Antananarivo stampede disaster
- Date: 26 June 2019
- Location: Antananarivo, Madagascar;
- Type: Stampede
- Deaths: 16
- Injuries: 101

= 2019 Antananarivo crush =

Stampede at a concert in Madagascar

The Antananarivo crush occurred on June 26, 2019 in Antananarivo, Madagascar, before a Rossy concert at the Mahamasina Municipal Stadium, celebrating the country's 59th Independence Day. The show was about to start; people believed that they could enter the stadium and began to push, but the police had closed the doors. At least 16 people died and 101 others were injured.

== Previous incident ==
The crush was the second that had happened at the same stadium in the past year, another occurring in September 2018 during a football game between Madagascar and Senegal, which killed one and injured around forty. The game was a qualifying match for the 2019 Africa Cup of Nations.

== Crush ==

Security forces opened the gates at the Mahamasina Municipal Stadium in Antananarivo, Madagascar, on 26 June 2019 to allow spectators to enter, causing the crowd to mass outside the stadium. Police then closed the gates and blocked the crowd, which caused a pile-up. According to National Gendarmerie General Chief Richard Ravalomanana, the crowd thought that the gates had been opened and they tried to force the doors; they remained closed but the crowd kept pushing, he said. Defense Minister General Richard Rakotonirina, however, said that it was unclear what had caused the crowd surge.

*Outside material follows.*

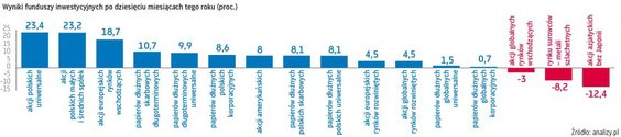 W ostatnim czasie krajowi inwestorzy okazują się jednak coraz bardziej otwarci na ryzyko. W październiku saldo sprzedaży funduszy akcji było najwyższe od około dwóch lat, a główny strumień kapitału popłynął do funduszy akcji polskich spółek. Fundusze te nieźle zarabiają już od około roku, ale jak dotąd zainteresowanie nimi było minimalne. Na razie pozytywne trendy z października się utrzymują.

The crush occurred as Madagascar was celebrating the 59th anniversary of its independence. A military parade took place earlier in the stadium, and Rwandan Head of State Paul Kagame was invited as a guest of honor of President Andry Rajoelina.

== Victims ==
At least 16 people died and 101 others were injured. The dead and injured were taken to the Joseph Ravoahangy Andrianavalona Hospital.

== Aftermath and responses ==
President Rajoelina, his wife, and other government officials visited the injured at the hospital in the city to offer their condolences after the incident, and Rajoelina promised to pay for the hospitalization expenses.